::: Provided data

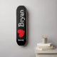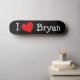 Jag Kärlek Bryan med en ljusröd hjärtdesign på en svart skateboard med vit text. Om du vill skapa din egen skateboard-design kan mallen enkelt ändras för namn som är 5-6 (5-6) brev långt.
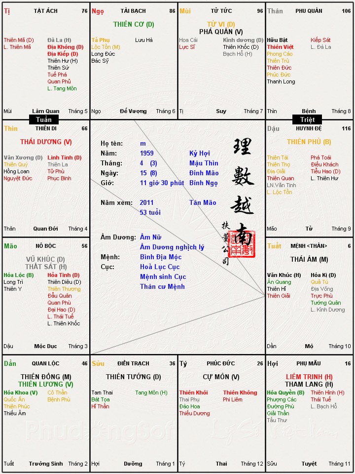 dongphuonghuyenbi đã viết:Dạ, chào bác Tây Đô, bác xem cho cháu lá số của ng này đc ko ạ. Người này sống rất tốt, đạo đức vô cùng, luôn làm điều thiện, nhưng số phận thì quá khổ. Giờ thì ng này bỏ chồng rồi. Bác xem thử từ giờ về cuối đời người này có an nhàn, sung sướng không, vì cả đời đã vất vả, chỉ mong từ đây về sau được an tịnh. Có một điều nữa là cháu nhờ bác xem thử ng này còn khả năng kết hôn nữa không, và có số ra nước ngoài hay không hả bác?
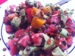 The roasted bell peppers: I oiled the inside of the slow cooker and placed the seeded peppers cut into 6 sections into the slow cooker on high for about 8 hours. Once cooled, the skins released easily.
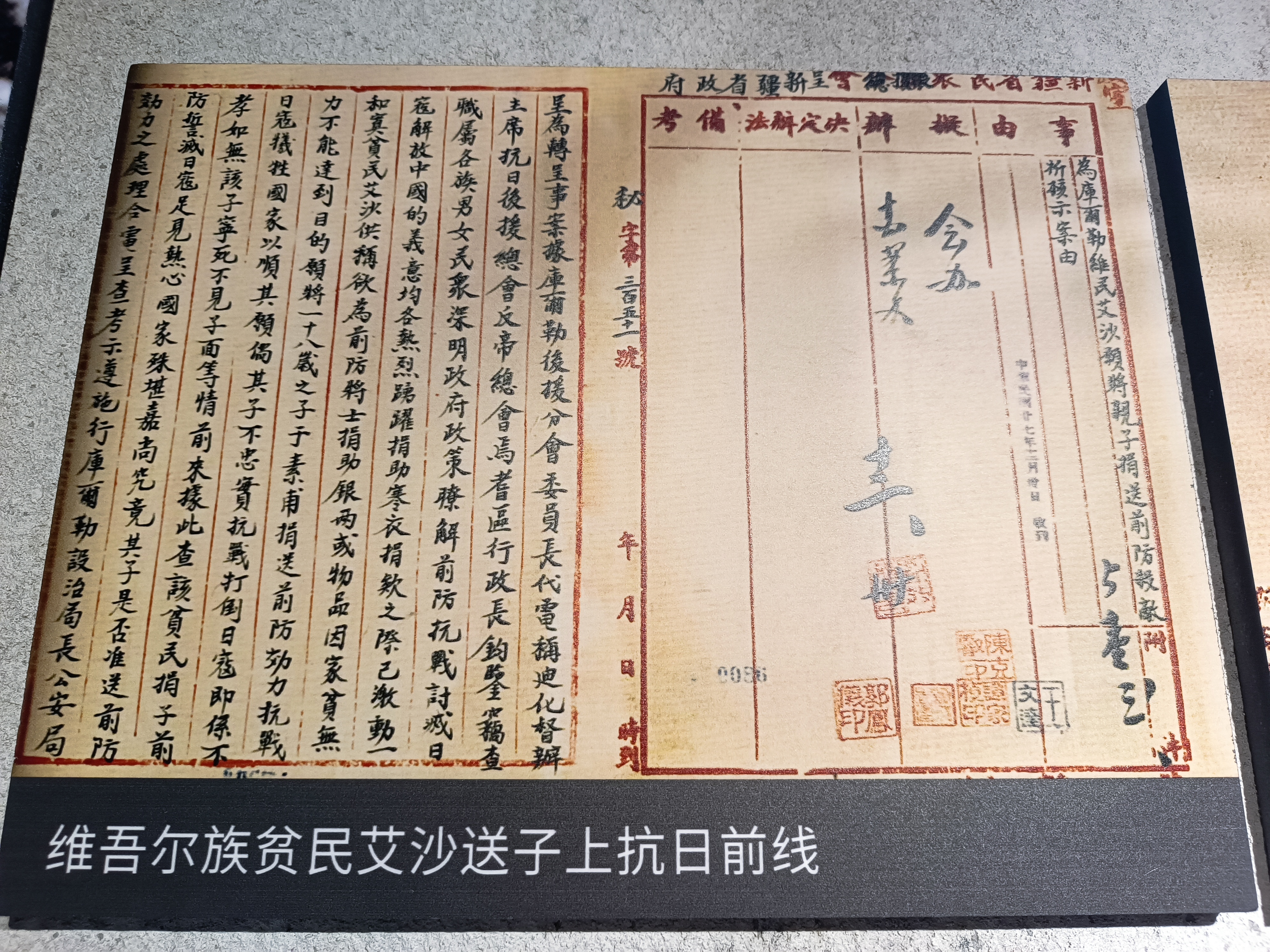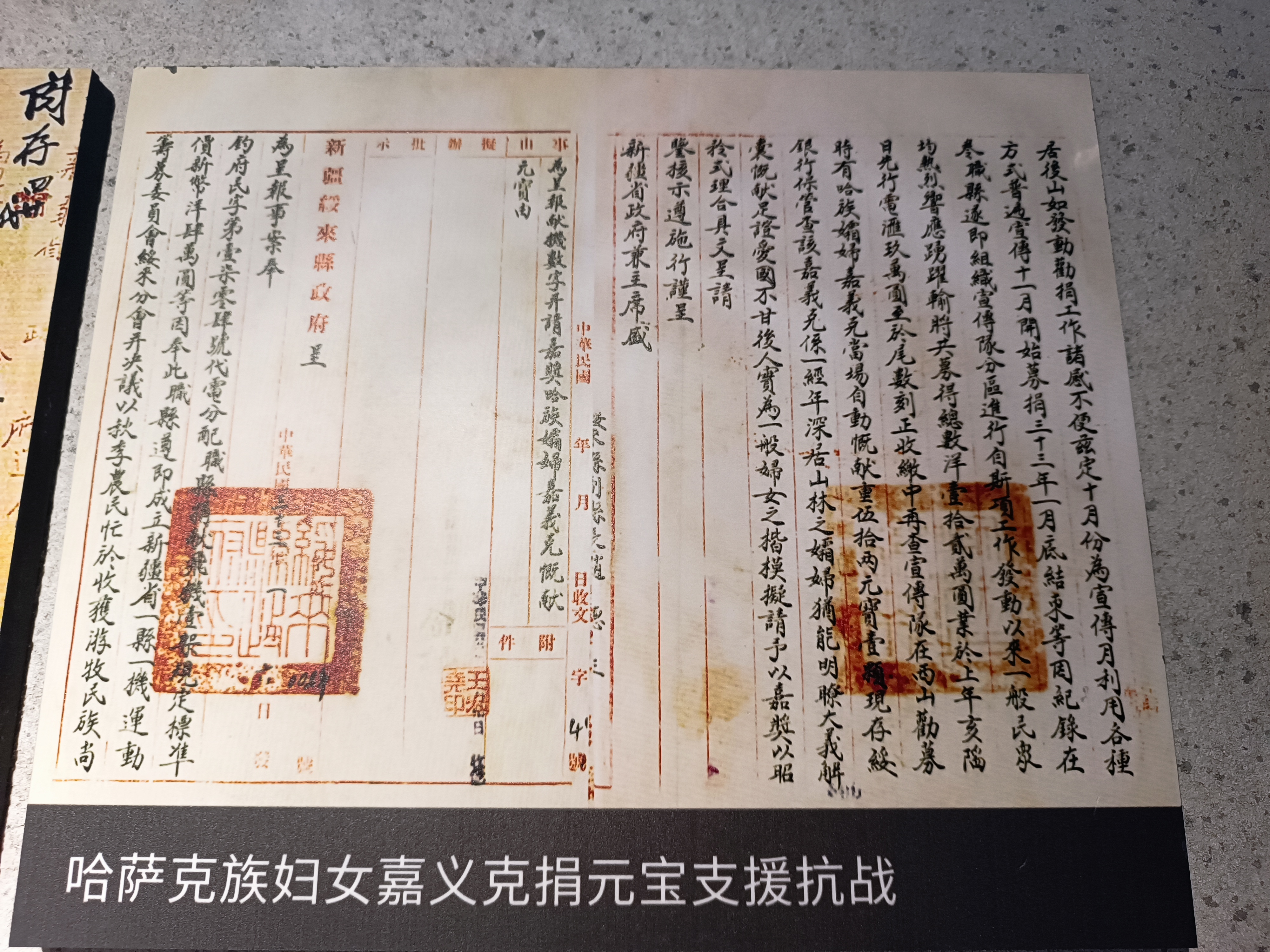 八路军驻新疆办事处纪念馆的展陈记录了抗日战争时期,新疆各族民众慷慨解囊为抗日募捐的历史。石榴云/新疆日报记者 张冬梅摄
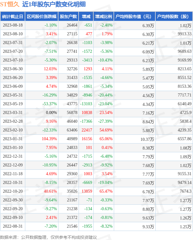从股价来看,2023年8月10日至2023年8月18日,ST恒久区间跌幅为1.1%,在此期间股东户数减少651.0户,减幅为2.4%。
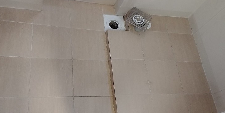 욕실 바닥에 물때와 곰팡이 여부들을 확인하며,
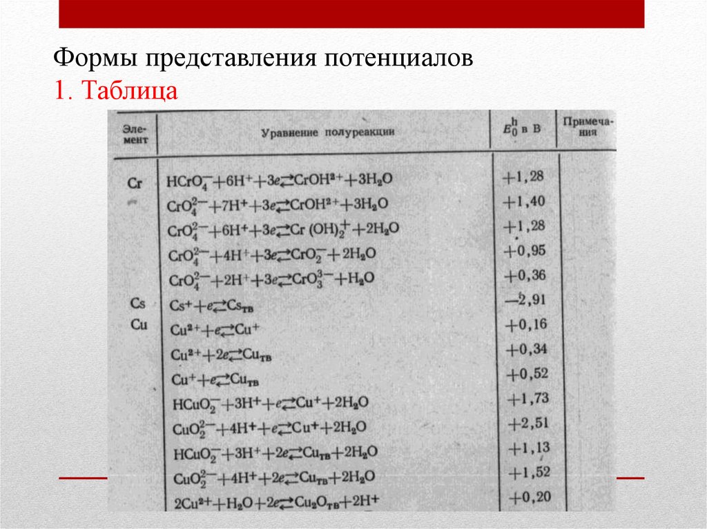 Таблица стандартных окислительновосстановительных потенциаловt = 25℃
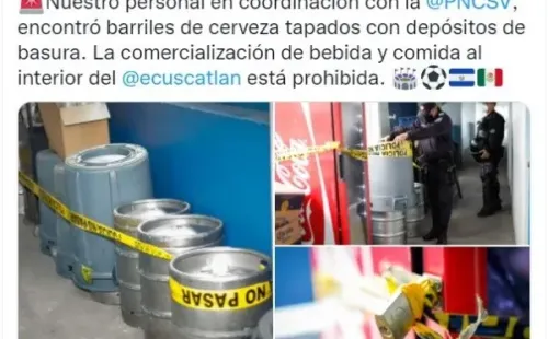 “Nuestro personal en coordinación con la protección civil de El Salvador, encontró barriles de cerveza tapados con depósitos de basura. La comercialización de bebida y comida al interior del estadio Cuscatlan está prohibida”, indicó la Protección Civil, de la capital salvadoreña.
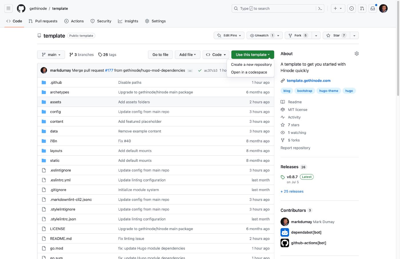 Hinode comes in two flavors: a template and a main theme . We will use the template as starting point for our new site, as it has several predefined settings that support automation. The main repository provides a regular theme that is compatible with Hugo’s module system. It is better suited if you prefer to manually maintain and publish your Hinode site1.
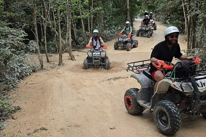 Il tuo giorno include pick-up e drop-off dal porto crociere o hotel a Cozumel, uso di ATV automatici singoli o doppi con casco e attrezzatura di sicurezza (non serve patente), ingresso alle Jade Caverns con tempo per nuotare o tuffarsi se ti senti coraggioso, acqua fredda in bottiglia durante tutto il tour più birre alla fine, deposito per borse e zaini durante le attività—e si chiude con una degustazione di tequila artigianale prima di tornare al punto di partenza.
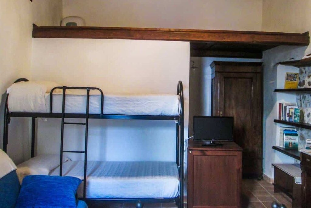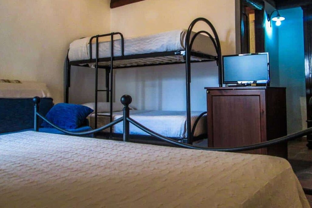 Camera quadrupla disponibile con letto matrimoniale ed un letto a castello con due posti disponibili.
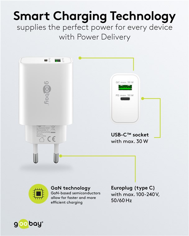 Weiterführende Links zu "Goobay 75336 USB-C™ PD GaN Dual-Schnellladegerät (30 W) weiß VPE Retail Box Mindestbestellmenge 1"
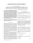 Smoothed Finite Element Method 2 K.Y. DAI 1 and G.R. LIU 1, 2 1 Singapore-MIT Alliance (SMA), E4-04-10, 4 Engineering Drive 3, Singapore, 117576 Center for Advanced Computations in Engineering Science (ACES), Department of Mechanical Engineering, National University of Singapore, 10 Kent Ridge Crescent, Singapore, 119260 benefits arising from this novel combination. Abstract—In this paper, the smoothed finite element method (SFEM) is proposed for 2D elastic problems by incorporation of the cell-wise strain smoothing operation into the conventional finite elements. When a constant smoothing function is chosen, area integration becomes line integration along cell boundaries and no derivative of shape functions is needed in computing the field gradients. Both static and dynamic numerical examples are analyzed in the paper. Compared with the conventional FEM, the SFEM achieves more accurate results and generally higher convergence rate in energy without increasing computational cost. In addition, as no mapping or coordinate transformation is performed in the SFEM, the element is allowed to be of arbitrary shape. Hence the well-known issue of the shape distortion of isoparametric elements can be resolved. Index Terms —finite element method (FEM), Gauss quadrature, isoparametric element, smoothed finite element method (SFEM), strain smoothing. A I. INTRODUCTION fter more than half a century of development, finite element method (FEM) has become a very powerful technique for numerical simulations in engineering and science. Mapped elements, such as the well-known isoparametric elements, play a very important role in FEM. When using a mapped element, a basic requirement is that the element has to be convex and a violent distortion is not permitted so that a one-to-one coordinate correspondence between the physical and natural coordinates associated with an element can be guaranteed. In numerical implementation, the determinant of the Jacobian matrix should be always checked for its positivity to avoid severely distorted elements [1, 2]. Recently, a stabilized conforming nodal integration has been proposed using a strain smoothing technique for a Galerkin mesh-free method which shows higher efficiency, desired accuracy and convergent properties [3]. In addition, a linear exactness can be guaranteed in the solution of Galerkin weak-form based mesh-free methods. In this paper, we implement the strain projection idea to formulate and code a novel method, smoothed finite element method (SFEM) [4, 5], which combines the existing FEM technology with the strain smoothing technique. We will demonstrate through intensive case studies the significant Manuscript received November 17, 2006. II. STRIAN SMOOTHING A 2D static elasticity problem can be described by equilibrium equation in the domain Ω bounded by Γ σ ij , j + bi = 0 in Ω (1) which subject to the boundary conditions: σ ij n j = t i on Γt and ui = ui on Γu , where σ ij is the component of stress tensor and bi the component of body force; ni is the unit outward normal. Its variational weak form is derived as ∫ δ∇ s (u ) ij Dijkl ∇ s (u ) kl dΩ − ∫ δui t i dΓ = 0 Ω (2) Γt In the SFEM, elements are used as in the FEM. Galerkin weak form given in Eq. (2) is applied and integration is performed on the basis of element. Depending on the requirement of stability, an element may be further subdivided into several smoothing cells (SC) [4]. A smoothing operation is performed for each smoothing cell within an element, as expressed by ∇u h (x C ) = ∫ ∇u h (x)Φ (x − x C )dΩ (3) ΩC where Φ is a smoothing function. For simplicity, a piecewise constant function is applied here, as given by Φ(x − x C ) = 1 / AC (x ∈ Ω C ) and Φ(x − x C ) = 0 ( x ∉ Ω C ) , where the area of the cell AC = ∫ dΩ and Ω C is the domain ΩC occupied by the smoothing cell (see Fig. 1). Substituting Φ into Eq. (3), one can get the smoothed gradient of displacement ~ ∇u h (x C ) = ∫ u h (x)n(x)Φ (x − x C )dΓ ΓC = 1 h ∫ u (x)n(x)dΓ AC Γ (4) C The displacement field in an element can be approximated as in the FEM by u h (x) = ∑ N I u I NP (5) Similarly the smoothed strain in discrete form can be obtained as follows ~ ~ε h (x ) = B (6) ∑ I (x C )d I C NP cell. The SFEM shape functions should possess the following criteria: (1) Delta function: N i (x j ) = δ ij ; (2) n Partition of unity: ∑ N i (x) = 1 ; (3) Linear compatibility: i =1 ~ where B I is the smoothed strain matrix. For a 2D case ∑ N i ( x) x i = x ; ⎡ b~I 1 (x C ) 0 ⎤ ⎥ ⎢ ~ ~ B I (x C ) = ⎢ 0 bI 2 (x C ) ⎥ ⎢b~ (x ) b~ (x ) ⎥ I1 C ⎦ ⎣ I2 C satisfying the four conditions can be used in the SFEM. ~ 1 bIk (x C ) = AC where ∫ N I (x)nk (x)dΓ, (k = 1, 2) . The ΓC smoothed element stiffness matrix can be obtained by assembly of all the smoothing cells associated with the element, i.e., ~ ~ K e = ∑ B TC DB C (7) C 4 7 3 i =1 (4) N i (x) ≥ 0 . Any shape functions Let’s take a quadrilateral element for example. For any point on its side, e.g., the midpoints #5, #6, #7 and #8 shown in Fig. 1(b), the values of the shape functions are calculated linearly using shape functions of two related nodes on the side. The values of the shape functions at point #9, the intersection of two bimedians, are the average of those at the four midpoints. If this point happens to coincide with one field node, its shape functions should adopt the values of this node accordingly. Shape functions for other interior points needed in line integrations can be easily obtained in a similar way [4]. In eigenvalue analysis of a free element using SFEM, if an entire element is used as one smoothing cell (SC=1) as shown in Fig. 1(a), five spurious zero-energy modes are found, which is similar to the case of FEM using one Gauss point. Later on it is found that one SC is equivalent to three independent relations ( nσ = 3 ). The difference between the displacement freedo
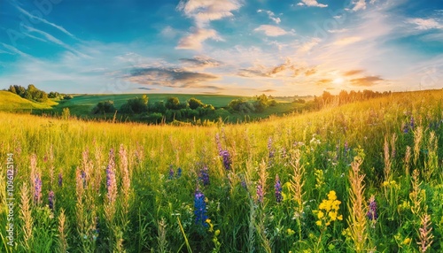 Obraz premium Lush and vibrant summer rustic pastoral landscape panorama with tall...
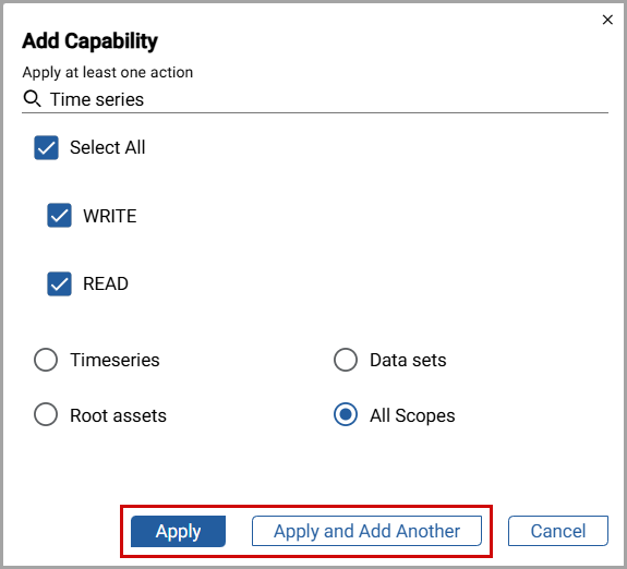 - ClickApplyto apply the changes to the group. Or,ClickApply and Add Anotherto apply the changes to the group and add another capability.Add Capability - TimeseriesAdd Capability - All ScopesAfter applying changes, theCapability Group Detailpage displays the newly created capability as a tile with the capability name, number of actions applied, and associated datasets (If any).

::::::

=== Your goal ===
Repeat only the stretch of data above that runs from the line with "Camera quadrupla disponibile" to the line with "Weiterführende Links zu". Keep both end lines; exclude pictures.

=== Response area ===
 Camera quadrupla disponibile con letto matrimoniale ed un letto a castello con due posti disponibili.
 Weiterführende Links zu "Goobay 75336 USB-C™ PD GaN Dual-Schnellladegerät (30 W) weiß VPE Retail Box Mindestbestellmenge 1"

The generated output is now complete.